NIH Clinical Center
Posted on by Dr. Francis Collins
Recently, CBS’s “60 Minutes” highlighted the story of Jennelle Stephenson, a brave young woman with sickle cell disease (SCD). Jennelle now appears potentially cured of this devastating condition, thanks to an experimental gene therapy being tested at the NIH Clinical Center in Bethesda, MD. As groundbreaking as this research may be, it’s among a variety of innovative strategies now being tried to cure SCD and other genetic diseases that have long seemed out of reach.
One particularly exciting approach involves using gene editing to increase levels of fetal hemoglobin (HbF) in the red blood cells of people with SCD. Shortly after birth, babies usually stop producing HbF, and switch over to the adult form of hemoglobin. But rare individuals continue to make high levels of HbF throughout their lives. This is referred to as hereditary persistence of fetal hemoglobin (HPFH). (My own postdoctoral research in the early 1980s discovered some of the naturally occurring DNA mutations that lead to this condition.)
Individuals with HPFH are entirely healthy. Strikingly, rare individuals with SCD who also have HPFH have an extremely mild version of sickle cell disease—essentially the presence of significant quantities of HbF provides protection against sickling. So, researchers have been exploring ways to boost HbF in everyone with SCD—and gene editing may provide an effective, long-lasting way to do this.
Clinical trials of this approach are already underway. And new findings reported in Nature Medicine show it may be possible to make the desired edits even more efficiently, raising the possibility that a single infusion of gene-edited cells might be able to cure SCD .
Sickle cell disease is caused by a specific point mutation in a gene that codes for the beta chain of hemoglobin. People with just one copy of this mutation have sickle cell trait and are generally healthy. But those who inherit two mutant copies of this gene suffer lifelong consequences of the presence of this abnormal protein. Their red blood cells—normally flexible and donut-shaped—assume the sickled shape that gives SCD its name. The sickled cells clump together and stick in small blood vessels, resulting in severe pain, anemia, stroke, pulmonary hypertension, organ failure, and far too often, early death.
Eleven years ago, a team led by Vijay Sankaran and Stuart Orkin at Boston Children’s Hospital and the Dana-Farber Cancer Institute discovered that a protein called BCL11A seemed to determine HbF levels . Subsequent work showed the protein actually works as a master mediator of the switch from fetal to adult hemoglobin, which normally occurs shortly after birth.
Five years ago, Orkin and Daniel Bauer identified a specific enhancer of BCL11A expression that could be an attractive target for gene editing . They could knock out the enhancer in the bone marrow, and BCL11A would not be produced, allowing HbF to stay switched on.

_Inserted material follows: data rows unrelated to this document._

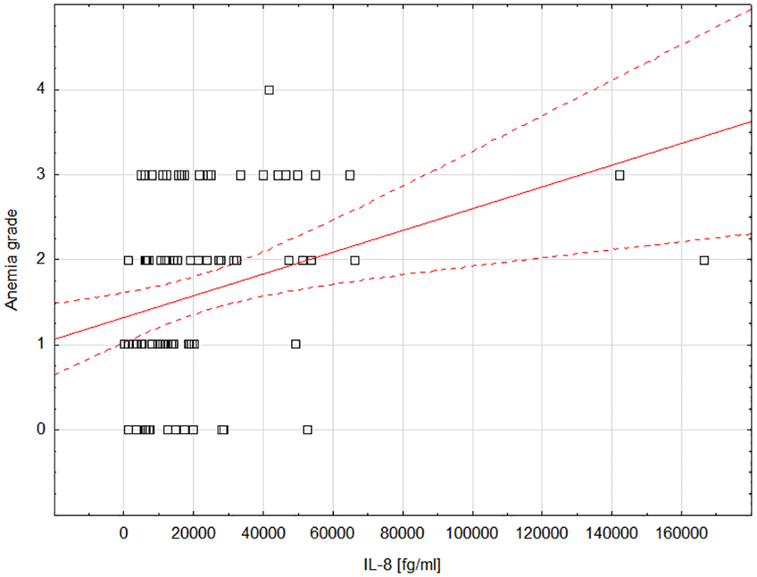 We employed MedCalc software (version 15.8 PL) and Statistica (version 13 PL) for statistical analysis. Categorized or dichotomized variables were expressed in absolute numbers and percentages. To evaluate the normality of continuous data distribution, we applied the DâAgostino-Pearson test. Given that our continuous variables were not normally distributed, we used the median, interquartile range, and range (minimum-maximum) as dispersion measures and applied non-parametric tests accordingly. The Mann-Whitney U test assessed the differences in cytokine concentrations in relation to specific treatment-induced toxicities. We used Spearmanâs rank correlation test to determine the relationship between cytokine levels and the severity of treatment-related toxicities. The Receiver Operating Characteristic (ROC) curves were instrumental in evaluating the diagnostic accuracy of the cytokines for predicting specific toxicities. In our report, âhighâ and âlowâ are relative terms referring to concentrations above or below the median, respectively.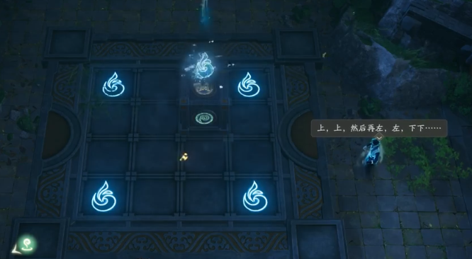 想要还原丢失的壁画,必须要先去完成前置解谜任务,等玩家进入到苏州之后会接取任务,需要进入到一个院落里,破解院落主人留下的谜题,首先在庭院里会有一块空地,上面会有很多带有不同图案的石砖,玩家需要做的就是把这些石砖都摆放到指定的位置,要确保上面的图案都是完全统一一致的,只有不断移动砖石上巨大的骰子,每次移动,都会在不同的砖块上出现图案,可以尝试让骰子先向上两格,然后再向左两格,接着再向下两格,这时候就可以看到所有的砖石上都出现了水的图案。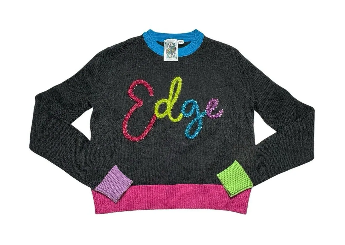 Add some sparkle to your wardrobe with this Queen Of Sparkles sweater. The Edge detail in rainbow black and multicolor sparkles accents adds a touch of designer flair to this cardigan. Made from a comfortable cotton blend knit fabric, this lightweight sweater features a crew neck and long sleeves with regular cuffs. The collarless design and solid pattern make it perfect for any occasion, from a day of colorful hipster style to a preppy college look. This sweater is available in women's size 3XS and is ideal for anyone who loves fashion and wants to add some fun to their wardrobe. Great preowned condition.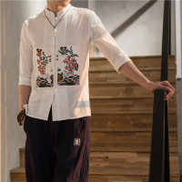 中国风男士春夏立领大码盘扣七分袖上衣唐装复古简约民族风衬衫潮
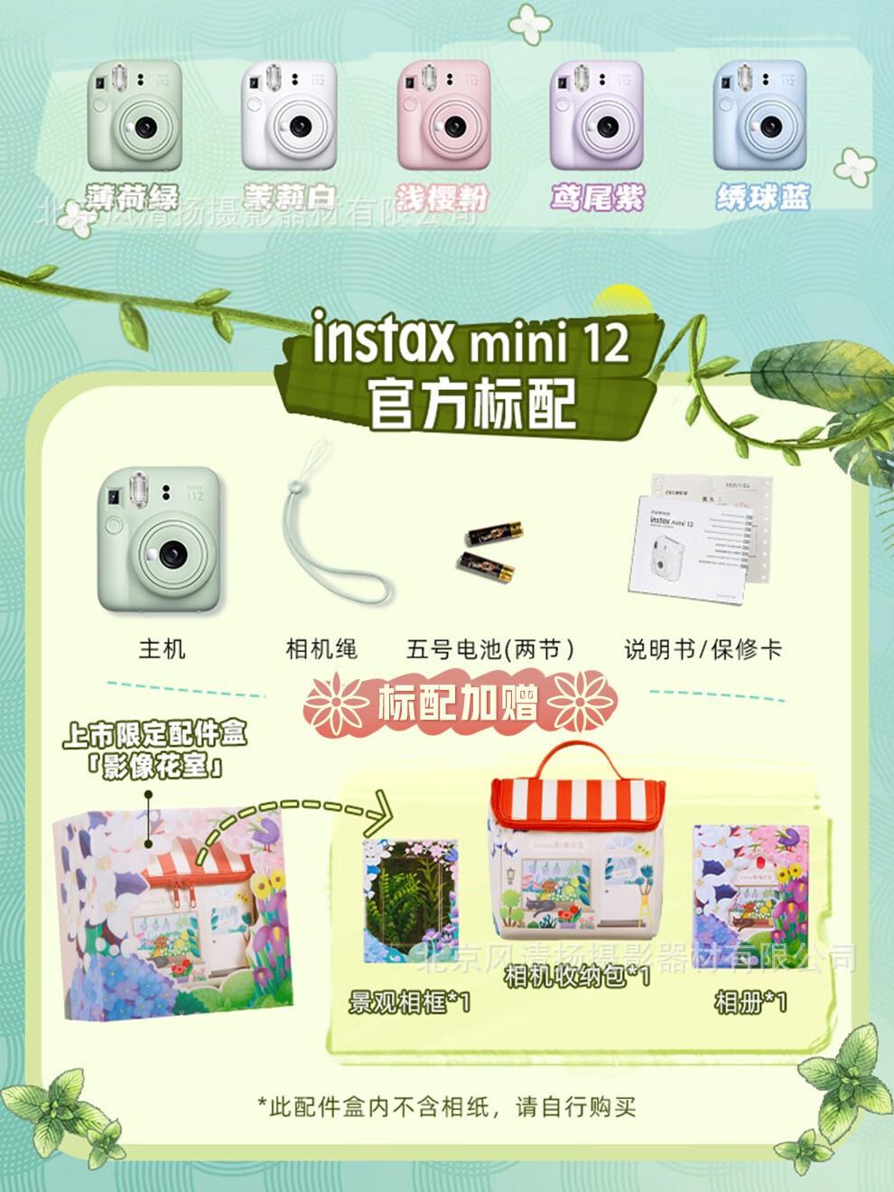 Según los informes, la apariencia de la Instax Mini 12 es similar a la de la generación anterior Instax Mini 11, que se parece más a un rectángulo que a un cuadrado, aunque tiene bordes redondeados como la generación anterior. El color del cuerpo también se ha añadido un nuevo verde menta, que es más atractivo para los jóvenes.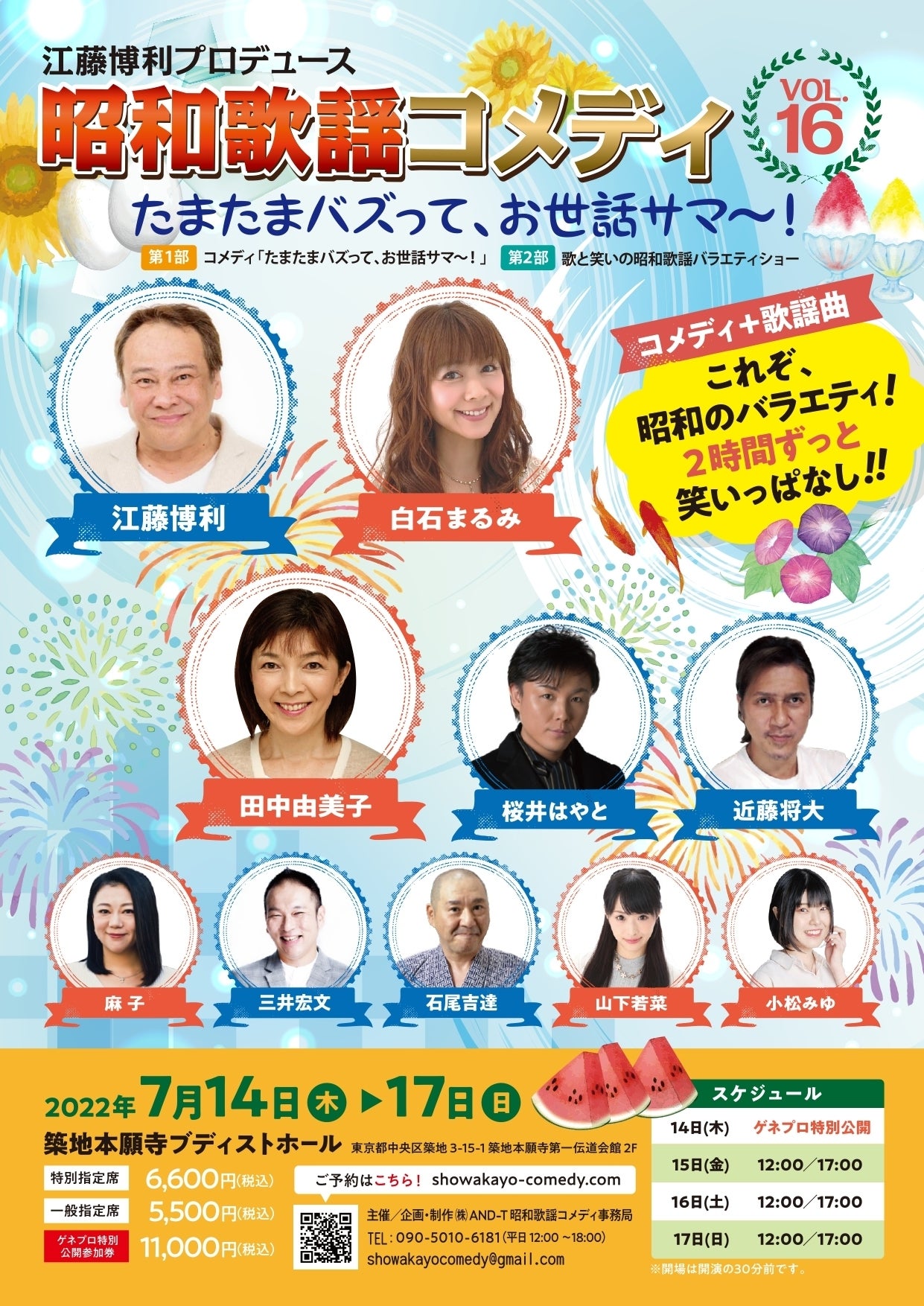 ●7月15日(金)~17日(日) 「昭和歌謡コメディVOL.16」上演済み(築地本願寺ブディストホール)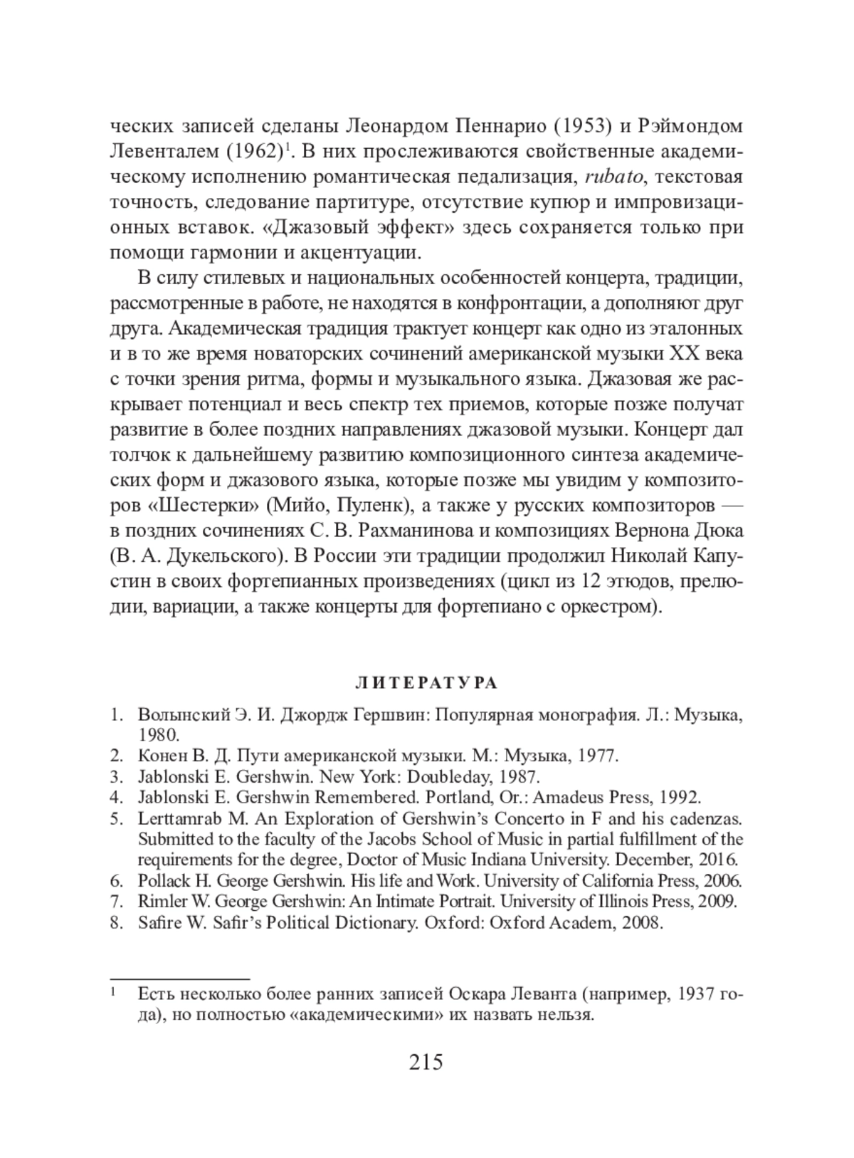 1. Волынский Э. И. Джордж Гершвин: Популярная монография. Л.: Музыка, 1980.

Because the BCL11A protein is required to turn off production of HbF in red cells. the researchers had another idea. They thought it might be possible to keep HbF on permanently by disrupting BCL11A in blood-forming hematopoietic stem cells (HSCs). The hope was that such a treatment might offer people with SCD a permanent supply of healthy red blood cells.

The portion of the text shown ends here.